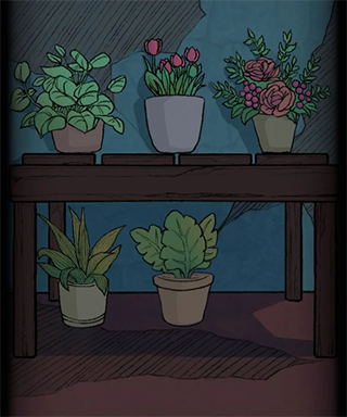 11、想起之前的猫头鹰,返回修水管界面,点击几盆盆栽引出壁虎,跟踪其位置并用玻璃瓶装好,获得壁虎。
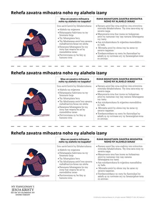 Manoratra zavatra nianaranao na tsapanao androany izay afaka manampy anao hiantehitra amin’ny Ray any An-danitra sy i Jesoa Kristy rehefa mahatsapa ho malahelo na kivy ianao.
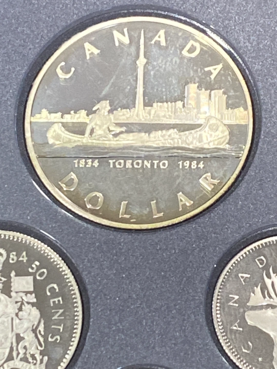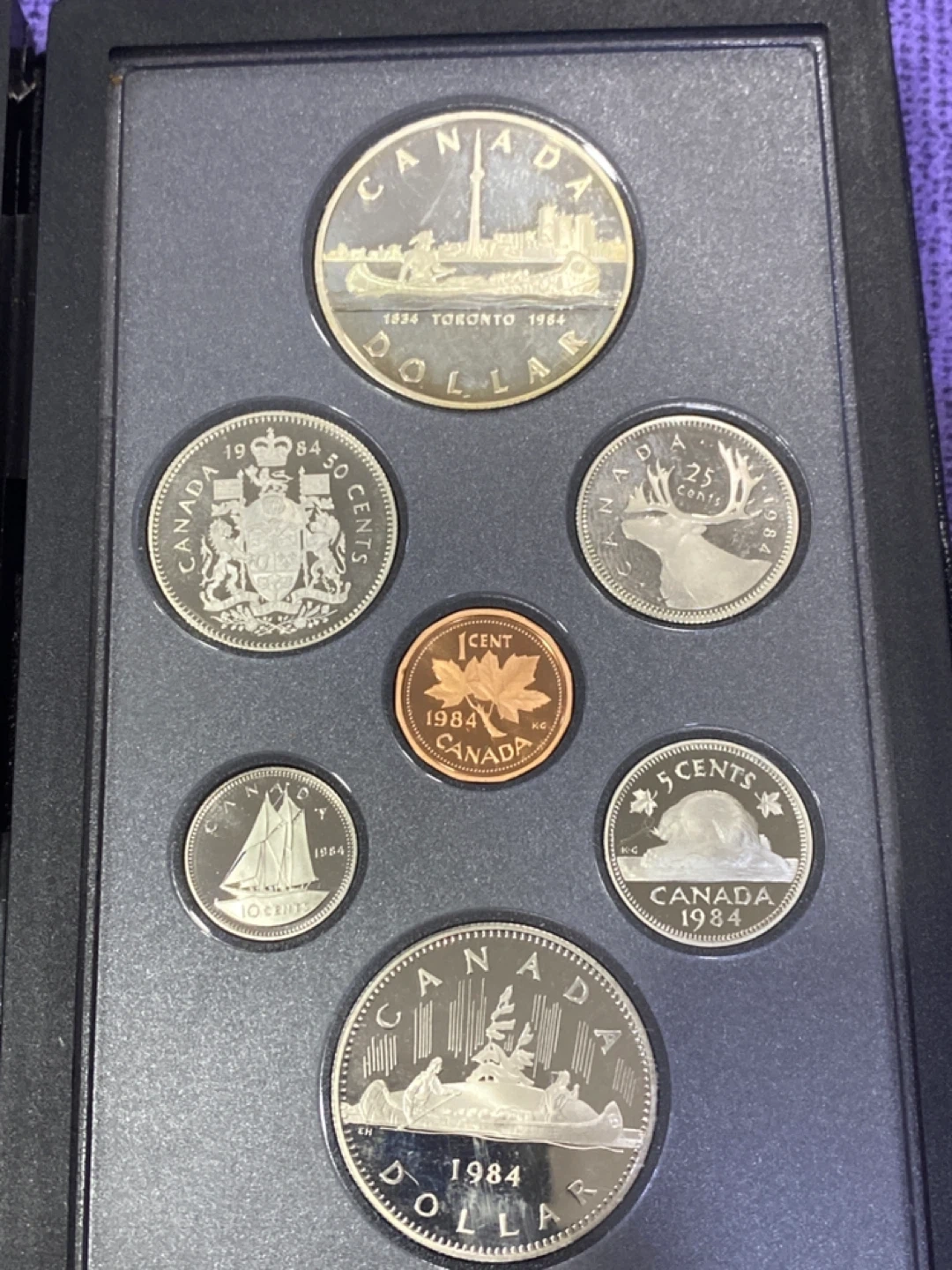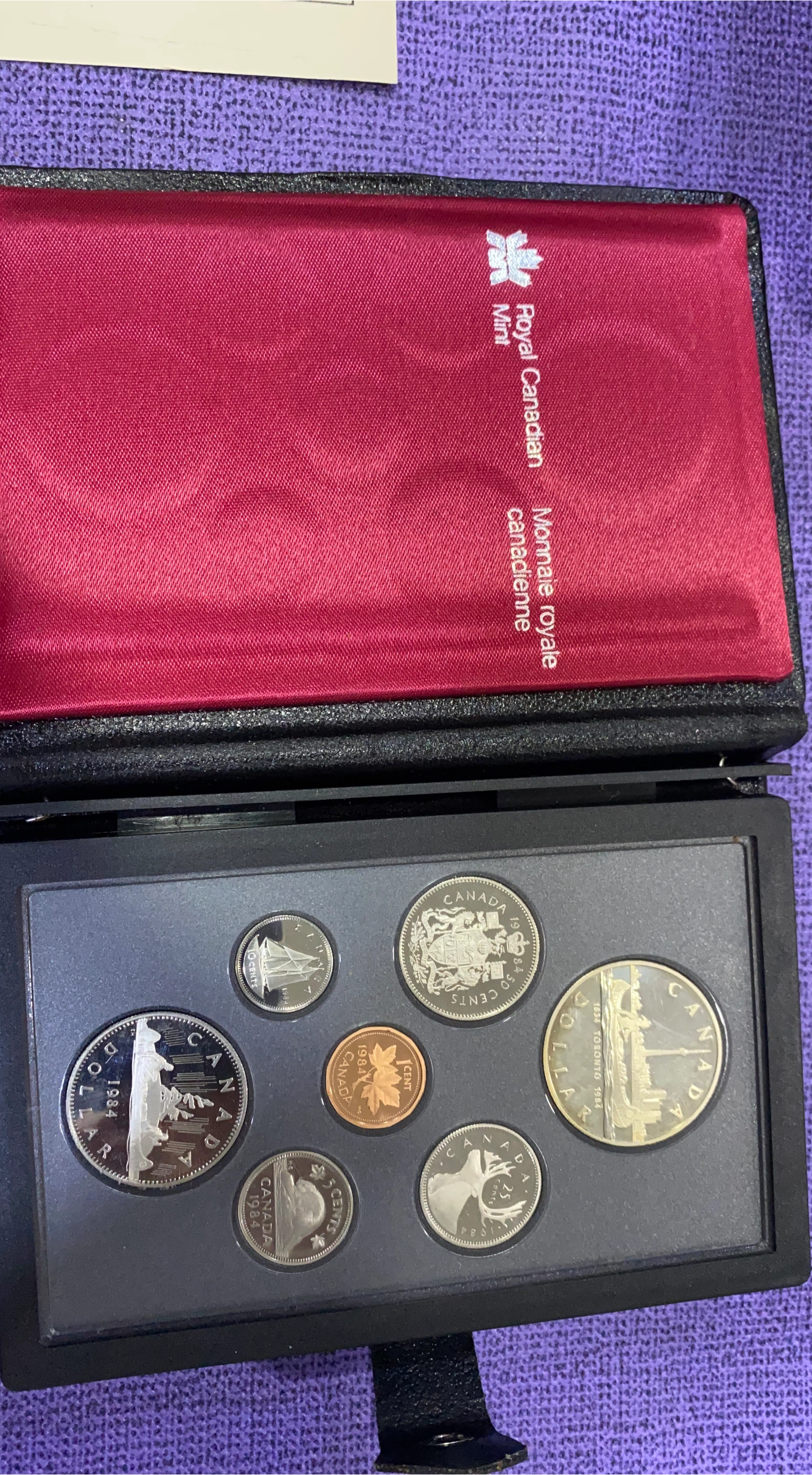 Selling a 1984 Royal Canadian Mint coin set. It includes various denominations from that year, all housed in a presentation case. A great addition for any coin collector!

══════

* _Problem statement_: Restate word for word the lines beginning with the one that contains "Manoratra zavatra nianaranao" and ending with the last line of the listing; pictures stay out.

* _Task response_:
 Manoratra zavatra nianaranao na tsapanao androany izay afaka manampy anao hiantehitra amin’ny Ray any An-danitra sy i Jesoa Kristy rehefa mahatsapa ho malahelo na kivy ianao.
 Selling a 1984 Royal Canadian Mint coin set. It includes various denominations from that year, all housed in a presentation case. A great addition for any coin collector!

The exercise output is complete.